What changed her mind and led to her spending five years writing this book was a conversation with a Bolivian ambassador to the World Trade Organisation (WTO) who showed her how fighting climate change was also a way to redistribute the world's income, if rich polluters gave money to poor "climate creditors" like Bolivia, to help them buy and use green technologies and grow their economies sustainably.
Klein traces the roots of global warming and climate change to the present model of economic growth, which is largely skewed towards helping the rich get richer quickly by relying on coal-heavy industries that pollute the environment, and by stoking the consumerism that keeps these industries going at full throttle.
Her book is most valuable for its chunks of inconvenient truths about how people are making the planet "hotter, colder, wetter, thirstier, hungrier and angrier", just to satisfy their many, unending desires, be they for fuel, food or x.

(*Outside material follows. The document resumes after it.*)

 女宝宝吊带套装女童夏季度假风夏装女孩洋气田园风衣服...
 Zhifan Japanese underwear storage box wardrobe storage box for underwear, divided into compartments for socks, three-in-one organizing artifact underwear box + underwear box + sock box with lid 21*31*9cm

Among the most inconvenient truths she has rooted out are that:
Fracking, or using water pressure to break rocks to release gas, has been weakening the earth's faultlines and so triggering small earthquakes. On top of that, fracking releases a lot of heat-trapping methane; Starfish on the Pacific Coast have been melting into distorted globs, likely from seawater made increasingly acidic from dissolved carbon dioxide; Many environmental champions have betrayed everyone by, ironically, enabling oil companies to drill for fuel. For example, the Nature Conservancy in the United States was meant to protect the endangered prairie chicken. But it let oil companies drill in protected lands and, by 2013, the species died out; and
Many respected scientists and entrepreneurs are trying to reverse global warming by pursuing The Pinatubo Option, named after Mount Pinatubo in the Philippines, which erupted in 1991 and spewed sun-dimming ash into the region. The Pinatubo Option involves spraying sulfate aerosols into the atmosphere, as the chemical's particles act like mirrors to deflect heat from the earth's surface, thus cooling the planet. Thing is, such cooling will curb rainfall to such an extent that swathes of Africa and Asia will become deserts.

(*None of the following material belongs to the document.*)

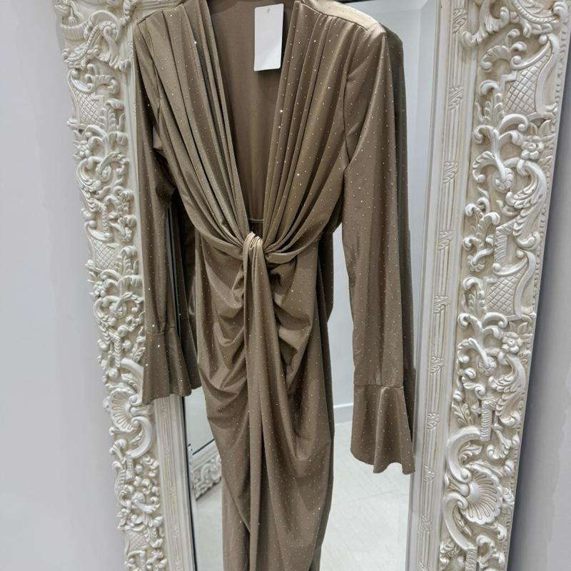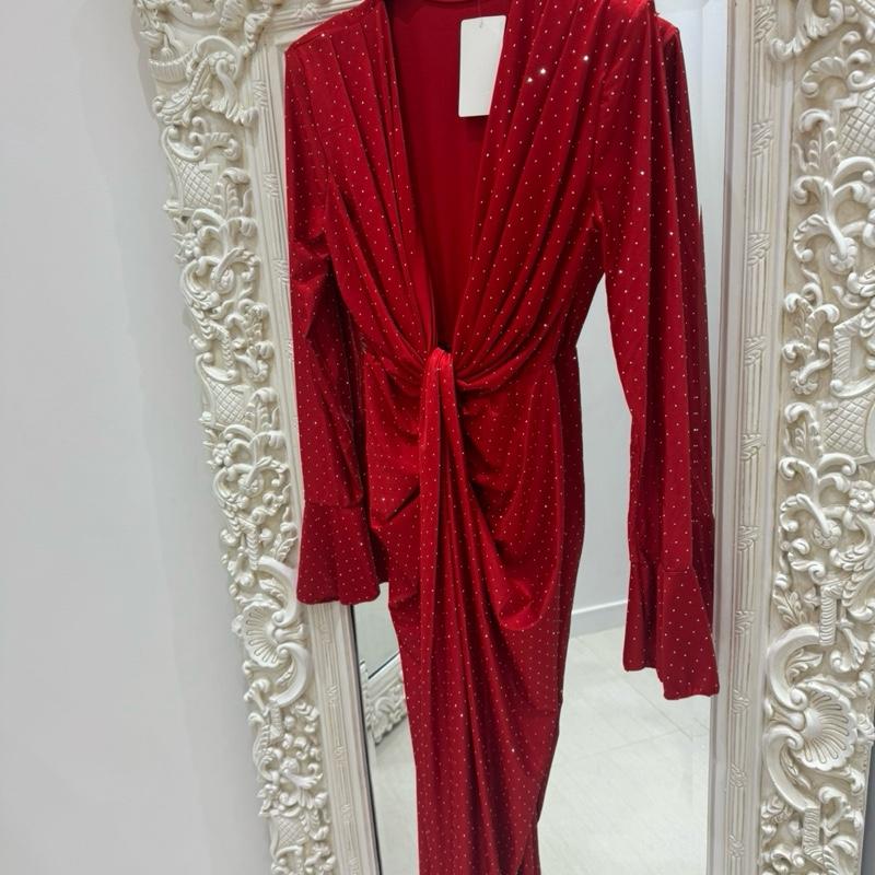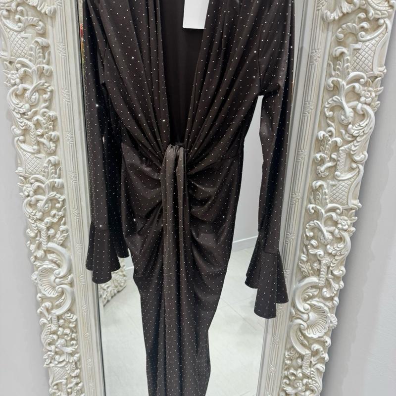 Angel ~ Diamante Sparkle Long Sleeve Knot Detail Midi Dress

She is most critical of world leaders and the WTO because the former insist on non-binding targets to reduce carbon emissions while the latter penalises countries which try to live more sustainably. She does not spare even former American vice-president Al Gore, who won the Nobel Peace Prize for raising awareness of climate change.
The way she tells it, he championed only cosmetic changes and did little to oppose the setting up of the environmentally unfriendly North American Free Trade Agreement.
The main plank of her solution - an Occupy-like global movement against "Big Polluters" - is, alas, weak. She herself admits in the book that it could be "reckless" to rally everyone to protest against - gasp! - economic growth as we know it. But she insists that climate change needs just such a response and that it is gaining ground in Canada, Greece and Romania. In so saying, she points to other great social mass movements in history, such as the abolition of slavery and the move for civil rights in the United States, and making do with less during World War II in Britain, including rationing, growing vegetables and banning driving for pleasure.
Klein is best when she lets the facts speak for themselves, and she has amassed a good many - and as current as April 2014 - with the help of her lead researchers, Rajiv Sicora and Alexandra Tempus. For example, she found out that Exxon Mobil chief Rex Tillerson has quietly sued to stop fracking-related activities near his $5 million home, claiming it will lower property values.
If you believe that knowing is half the battle won, this book will show you how to leave a lighter footprint on nature.